INPUT FOR THIS TASK START

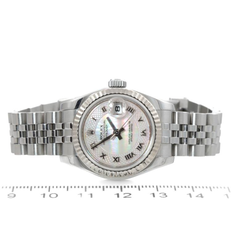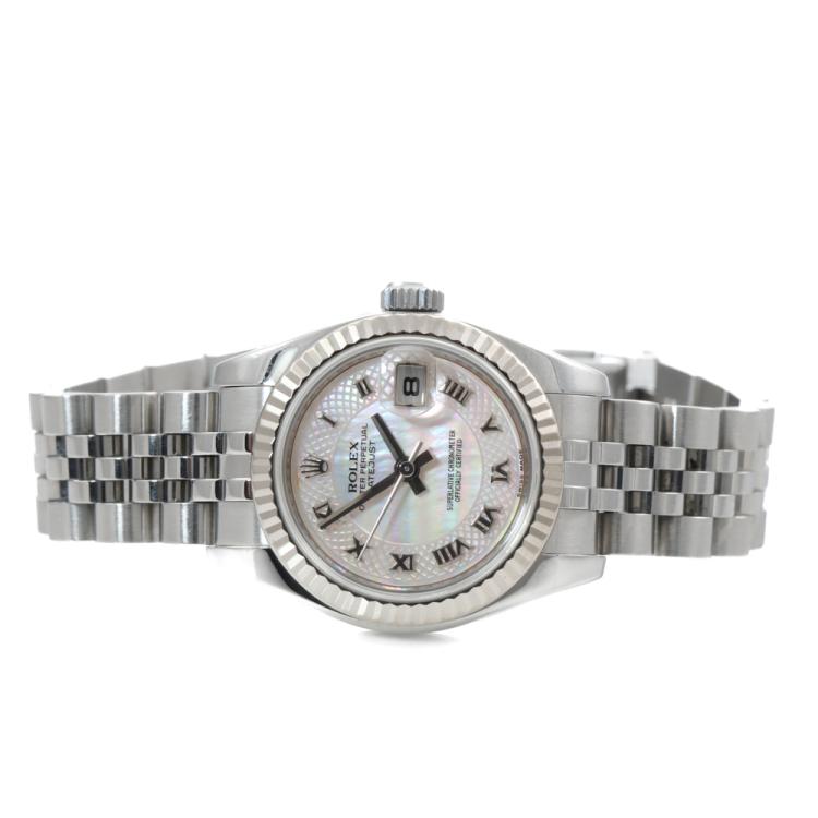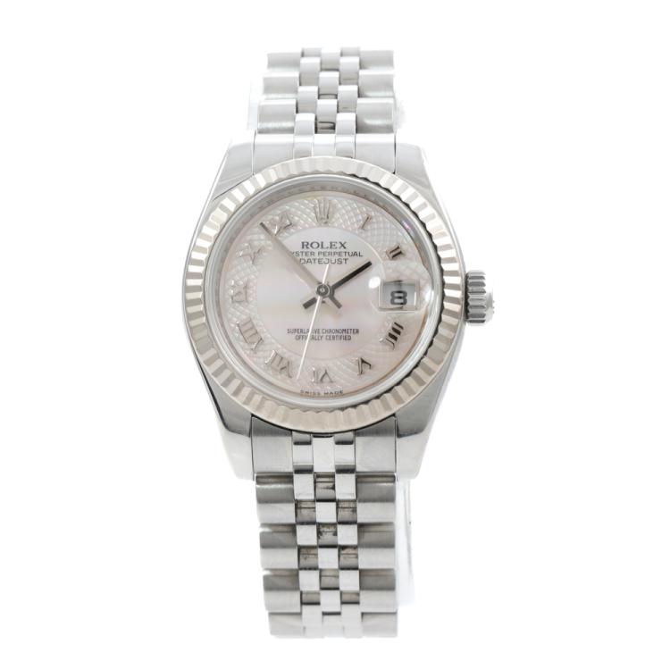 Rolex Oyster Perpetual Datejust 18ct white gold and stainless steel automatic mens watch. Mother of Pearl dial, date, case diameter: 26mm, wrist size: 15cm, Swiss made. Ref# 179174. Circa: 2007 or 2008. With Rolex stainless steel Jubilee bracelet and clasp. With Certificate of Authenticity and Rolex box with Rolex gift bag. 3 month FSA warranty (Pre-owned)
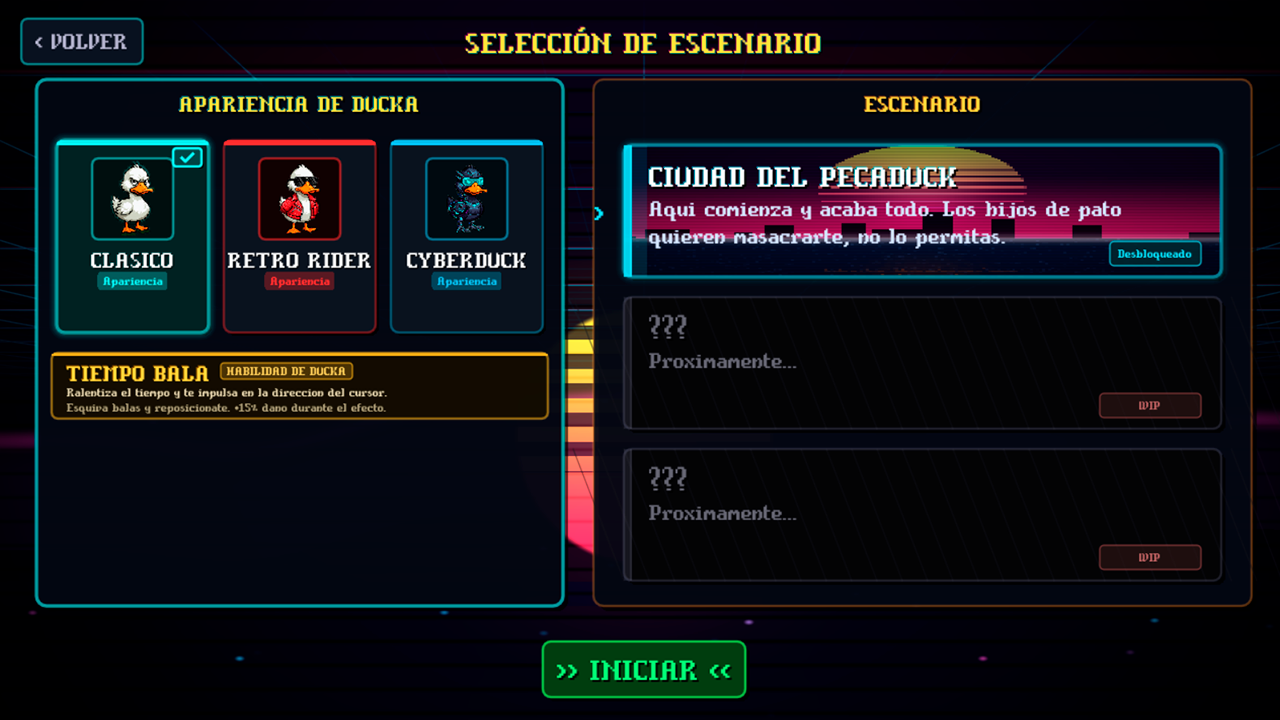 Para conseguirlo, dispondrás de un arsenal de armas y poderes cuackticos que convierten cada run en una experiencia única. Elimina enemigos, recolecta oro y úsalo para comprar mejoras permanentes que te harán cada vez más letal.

INPUT FOR THIS TASK END
INPUT FOR THIS TASK START

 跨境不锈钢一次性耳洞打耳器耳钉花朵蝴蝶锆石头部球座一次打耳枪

INPUT FOR THIS TASK END

» **TASK**: Write back word for word every line in the entries above from the one with "Rolex Oyster Perpetual" to the one with "Para conseguirlo, dispondrás", ends included, and none of the pictures.

» **ANSWER TO THIS EXERCISE**:
 Rolex Oyster Perpetual Datejust 18ct white gold and stainless steel automatic mens watch. Mother of Pearl dial, date, case diameter: 26mm, wrist size: 15cm, Swiss made. Ref# 179174. Circa: 2007 or 2008. With Rolex stainless steel Jubilee bracelet and clasp. With Certificate of Authenticity and Rolex box with Rolex gift bag. 3 month FSA warranty (Pre-owned)
 Para conseguirlo, dispondrás de un arsenal de armas y poderes cuackticos que convierten cada run en una experiencia única. Elimina enemigos, recolecta oro y úsalo para comprar mejoras permanentes que te harán cada vez más letal.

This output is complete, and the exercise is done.